╔══

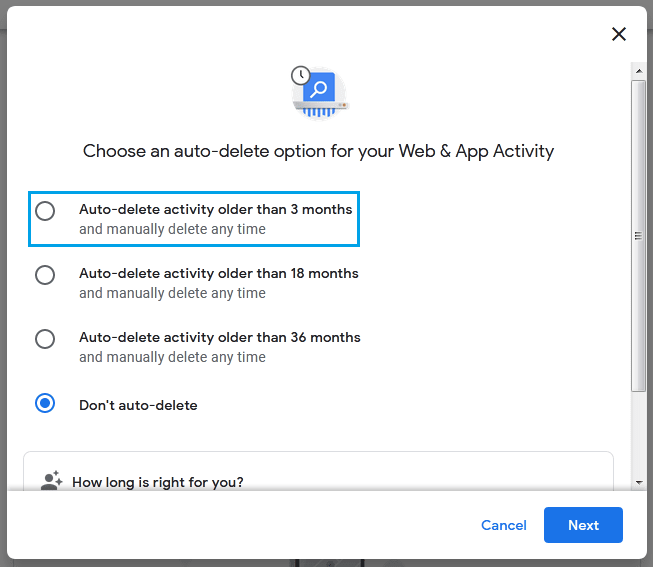 Det finns ett alternativ att ta bort alla sökningar på Google automatiskt. Det här alternativet är idealiskt om du inte gillar tanken på att manuellt radera data varje gång du använder Googles tjänster. Det ger dig lugn att veta att ingen data samlas in och lagras av Google. Men om du vill behålla vissa data bör du undvika den här funktionen.
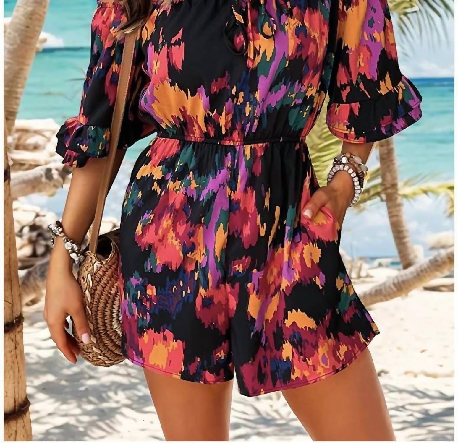 Embrace bold style with the Off-shoulder Printed Romper by Ninexis, a vibrant addition to any wardrobe. This multi-patterned romper features a unique lotus leaf sleeve design and a flattering high-waist for a chic look. Crafted from smooth polyester, it offers a wide-leg style and convenient pull-on closure, while also boasting functional pockets. Care is simple with machine wash instructions, making it a practical yet stylish choice for women.
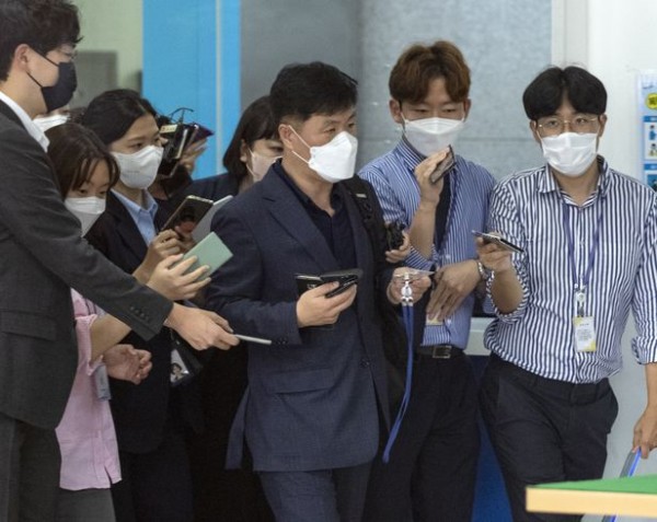 2021년 10월 7일 오후 김문기 성남도시개발공사 개발1처장이 조사를 받기 위해 서울 서초구 서울중앙지방검찰청에 들어서고 있다.
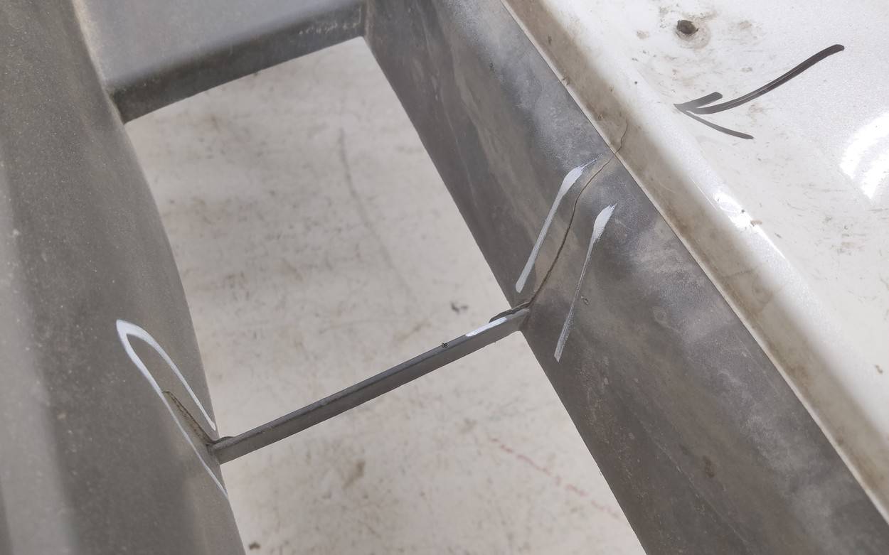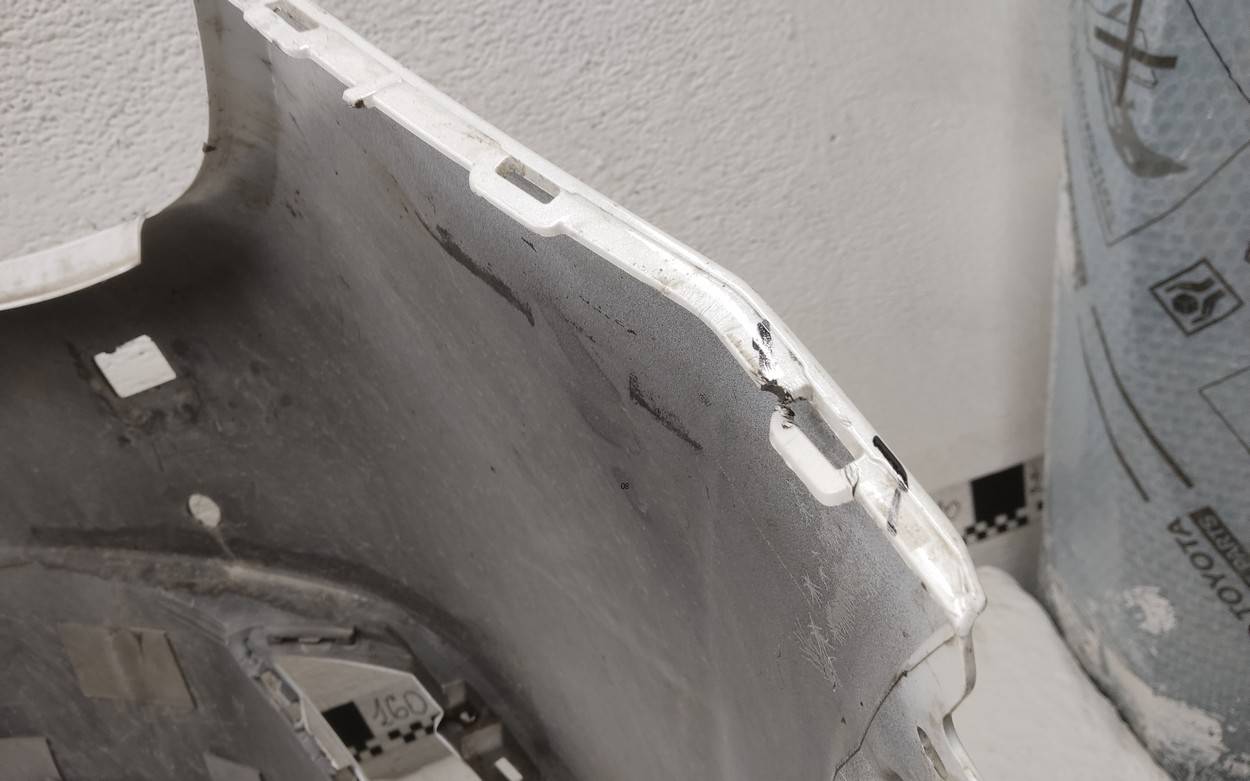 Состояние детали удовлетворительное. Белого цвета под парктроники и омыватели фар. Небольшие трещины, царапины. Сломан один замок. Потребуется ремонт

╚══

Assignment =>
Return a verbatim transcription of the data, omitting all images.

Completed exercise =>
 Det finns ett alternativ att ta bort alla sökningar på Google automatiskt. Det här alternativet är idealiskt om du inte gillar tanken på att manuellt radera data varje gång du använder Googles tjänster. Det ger dig lugn att veta att ingen data samlas in och lagras av Google. Men om du vill behålla vissa data bör du undvika den här funktionen.
 Embrace bold style with the Off-shoulder Printed Romper by Ninexis, a vibrant addition to any wardrobe. This multi-patterned romper features a unique lotus leaf sleeve design and a flattering high-waist for a chic look. Crafted from smooth polyester, it offers a wide-leg style and convenient pull-on closure, while also boasting functional pockets. Care is simple with machine wash instructions, making it a practical yet stylish choice for women.
 2021년 10월 7일 오후 김문기 성남도시개발공사 개발1처장이 조사를 받기 위해 서울 서초구 서울중앙지방검찰청에 들어서고 있다.
 Состояние детали удовлетворительное. Белого цвета под парктроники и омыватели фар. Небольшие трещины, царапины. Сломан один замок. Потребуется ремонт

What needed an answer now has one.